Enhancement of thermal spin signal and suppression of anomalous Nernst effect in the CoFeAl/Cu/CoFeAl lateral spin valve

Generation of large spin current is an important issue in the operation of spintronic devices because the spin current plays a key role in spin-dependent transports and spin-transfer switching. Recently, a heat flow across a ferromagnet (FM) / nonmagnet (NM) junction is found to be able to generate and propagate the spin current. We have found that the large spin current is efficiently produced by using a heat flow across the CoFeAl /Cu junction because of the relatively large spin-dependent Seebeck coefficient for CoFeAl.
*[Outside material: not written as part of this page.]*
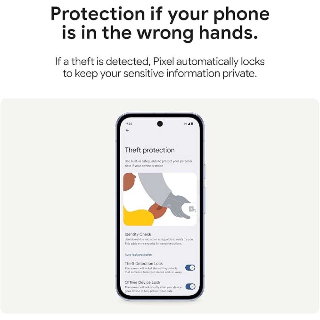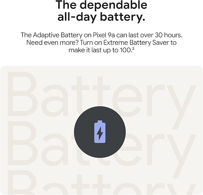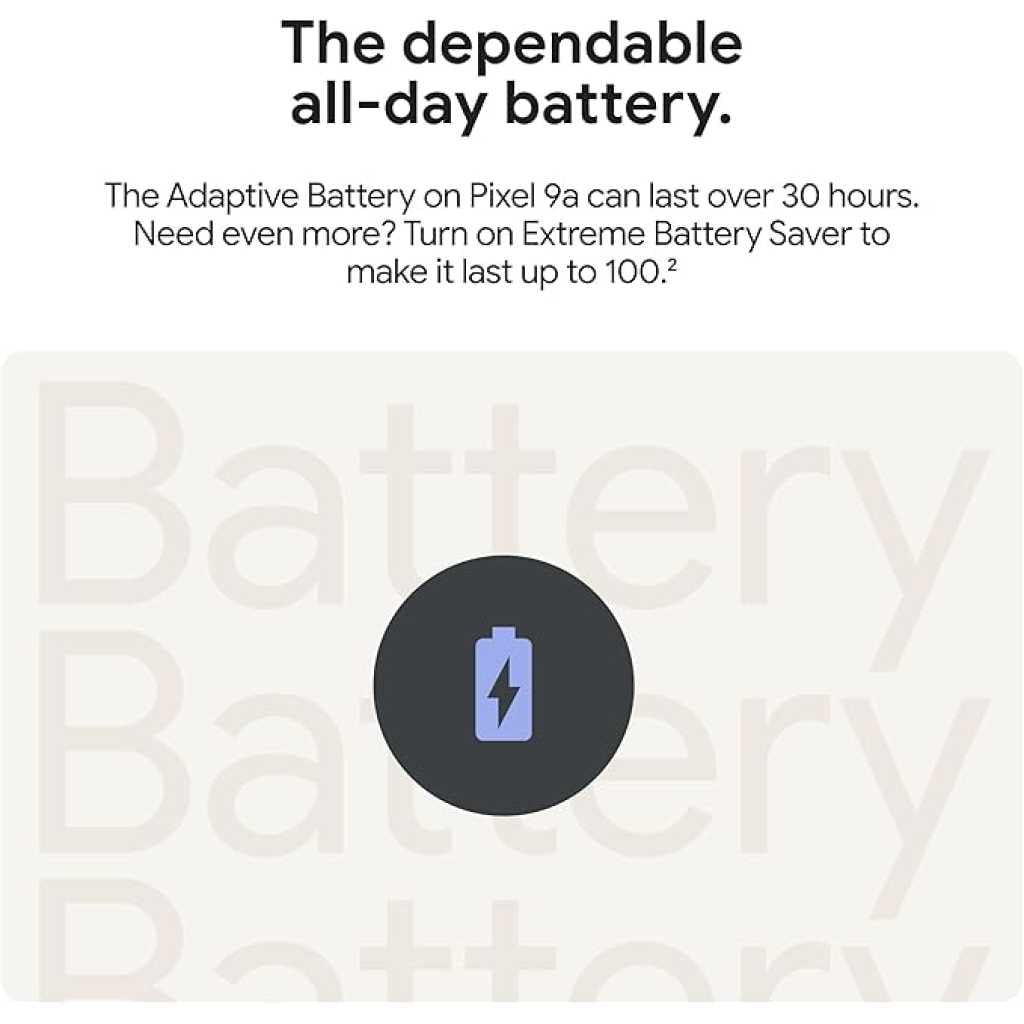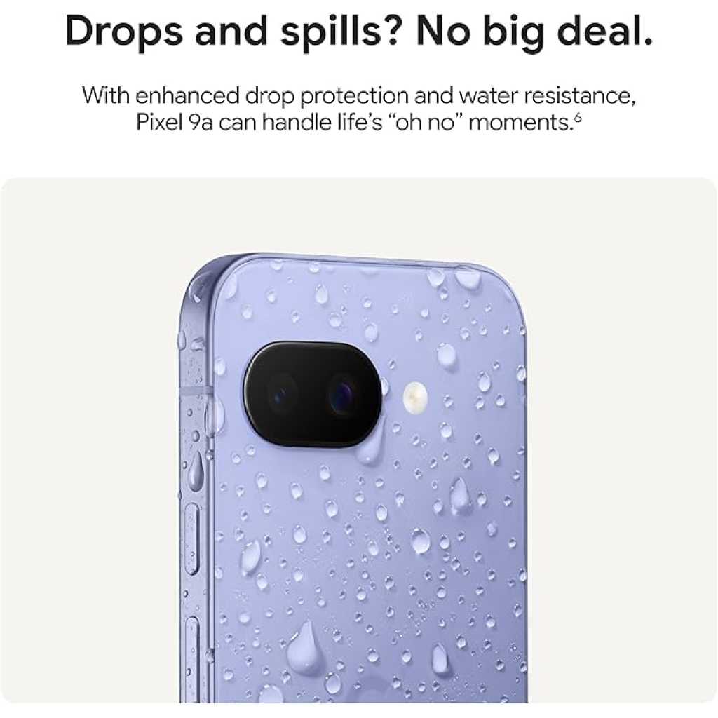Google Pixel 9a 12GB RAM 128GB Gemini Android Smartphone with Incredible Camera and AI Photo Editing, All-Day Battery, and Powerful Security Google Pixel 9a is engineered by Google with more than you expect, for less than you think; like Gemini, your built-in AI assistant, the incredible Pixel Camera, and an all-day battery and durable design Take amazing photos and videos with the Pixel Camera, and make them better than you can imagine with Google AI; get great group photos with Add Me and Best Take; and use Macro Focus for spectacular images of tiny details like raindrops and flowers Google Pixel’s Adaptive Battery can last over 30 hours; turn on Extreme Battery Saver and it can last up to 100 hours, so your phone has power when you need it most Get more info quickly with Gemini; instead of typing, use Gemini Live; it follows along even if you change the topic; and save time by asking Gemini to find info across your Google apps, like Maps, Calendar, Gmail, and YouTube Music Pixel 9a can handle spills, dust, drops, and dings; and with IP68 water and dust protection and a scratch-resistant display, it’s the most durable Pixel A-Series phone yet Unlocked Android 5G smartphone gives you the flexibility to change carriers and choose your own data plan; it works with Google Fi, Verizon, T-Mobile, AT&T, and other major carriers Google Pixel 9a comes with 7 years of OS and security updates, and new and upgraded features with Pixel Drops, so it keeps getting better and more secure over time With Pixel Call Assist, you can hear callers more clearly, avoid unwanted calls, speed through call menus, and more If theft is detected, Pixel automatically locks to keep your info safe; it can also detect a car crash and call for help, connect you with emergency services, and help prevent scams, phishing, and malware Please refer to the Legal section below for all applicable legal disclaimers denoted by the bracketed numbers in the preceding bullet points

The generated spin current is, in general, detected as the electrical voltage by using another ferromagnetic electrode. Using the nonlocal electrical detection scheme, one can prevent the background signal due to the spin-independent charge current. However, in the case of the thermal spin injection, the heat current reaches at the nonlocal ferromagnetic electrode and produces classical thermoelectric effects such as anomalous Nernst effect. Such spurious signals becomes serious obstacle when the large spin current is generated by the thermal spin injection. Therefore, the optimization of the device structure is indispensable for the ideal generation of the spin current using the heat. Here, we explore better geometry for generating the thermally excited spin signal in a laterally configured FM/NM hybrid nanostructure.